Foxnews.com has a daily column on sex.  Sometimes interesting, sometimes not.  Sometimes dead on, sometimes not.  Today's column focused on boredom in the bedroom.  Yes, at the end they offered some suggestions for preventing such boredom, and some of it even made sense, but by presenting it as they did, it seems like just one more nail in the coffin for fidelity.
According to Foxnews.com (http://www.foxnews.com/health/2011/05/23/bored-bedroom-snooze-lose/?test=faces), "Good in Bed Research" presented a study on boredom.  3,341 readers in "committed relationships" were surveyed.  The top five boredom factors were on the board (no pun intended, just the Family Feud reference).  According to this survey, 24% reported having an affair due to boredom.  Top factors included:
  • Moving in together (15.6%)
  • Marriage (13.8%)
  • Getting pregnant (8%)
  • Having kids (32.2 percent)
  • Getting older (38.5%)
So it seems the more committed you become to someone, the more likely you are to be bored in your relationship.  Seriously?!  I understand there's nothing like a first kiss.  The stomach fluttering, blood rushing feeling that he (or she) really does like (or love) you.  It's wonderful.  But infatuation is by its very definition short-lived.  This idea of boredom comes with the ridiculous concept that love must always be burningly passionate, unexpected, and, therefore, new.

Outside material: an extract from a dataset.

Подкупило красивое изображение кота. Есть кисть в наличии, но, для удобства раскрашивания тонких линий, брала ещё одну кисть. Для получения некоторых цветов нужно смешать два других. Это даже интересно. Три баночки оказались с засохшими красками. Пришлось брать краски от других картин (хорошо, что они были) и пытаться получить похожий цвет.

My two cents here- this is ridiculous.  There is a hasidic tradition of offering a blessing to a bride.  At every wedding I attend I offer the following blessing: "I wish you laughter."  Being comfortable enough with each other to comfortably laugh at the most ridiculous moments will also offer opportunities to talk at the most intimate.  If you're bored for any of the reasons listed above you have two problems.  First, you're probably bored with yourself.  Second, you've failed to realize that you are supposed to be building a life together with a strong foundation on which to lean.  
I don't know about you, but my life goals include contentment, security ( in the comfortable sense), and peace.  Roller coasters are fun, but not every day, and emotional roller coasters leave you panting on floor holding on for dear life.  But contentment, security, and peace do NOT mean boredom, not in the kitchen, not while we're living life outside the house, and not in the bedroom.  How do we do this?  There are two big factors.  The first is we talk.  We talk about everything.  Does this mean we don't argue?  No, we do a fair amount of that too, but we make sure to let it go.  Secondly, we observe the family purity laws.  That means for half of each month we have to find ways to relate to each other that aren't physical, and yes, absence can make the heart grow fonder.

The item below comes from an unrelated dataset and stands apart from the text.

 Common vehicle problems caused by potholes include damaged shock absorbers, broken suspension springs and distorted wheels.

On the flip side of the FoxNews column, the National Post ran an article promoting early marriage (http://life.nationalpost.com/2011/05/21/not-too-late-to-bring-back-early-marriage/).  Mark Regnerus, a University of Texas professor, has been promoting early marriage.  Sean and I received similar advice from a colleague while still in seminary.  Mel said to us, "If you wait until you're fully ready, you'll never do it."  Mel was talking about children, but it holds true for marriage.  Wait until you've found the one!  Absolutely!  Then, build a life together.  Is it easy?  No, but it will create a strong foundation for you as a couple.  Someday, when your children are grown and out of the house, you'll have a rock-solid foundation built as a couple when they weren't around.  

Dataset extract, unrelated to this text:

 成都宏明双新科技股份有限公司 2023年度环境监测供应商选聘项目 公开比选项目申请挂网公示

Sean and I married within two years of meeting each other.  We were engaged within nine months, and we'd only been dating for three.  How?  Why?  In the words of the great film, "When Harry Met Sally," "...because when you realize you want to spend the rest of your life with somebody, you want the rest of your life to start as soon as possible."  At Brandeis I had a suite-mate my junior year who got married half-way through the year.  She was a junior.  He was a sophomore.  Their reasoning was "We're getting married.  Why wait, and pay for 2 rents, 2 sets of utilities, 2 everything, just because our parents think we're a little young."  Daniel and Rebecca were absolutely right, and yes, they're still together.
People worry that if they aren't independent and financially secure they'll have problems.  I think this is a fear about what if it doesn't work.  Relationships are work, every day.  But when you work together there more hope for the future.  For Daniel and Rebecca, for Sean and me, and for Professor Mark Regnerus and his wife there is a strong foundation built on shared experience.  We know where the hardships were, and we helped each other through them.  We also know that together we can do it again.  
I'd also add (and Professor Regnerus adds too) that after our 18 years together the sexual chemistry is better than ever.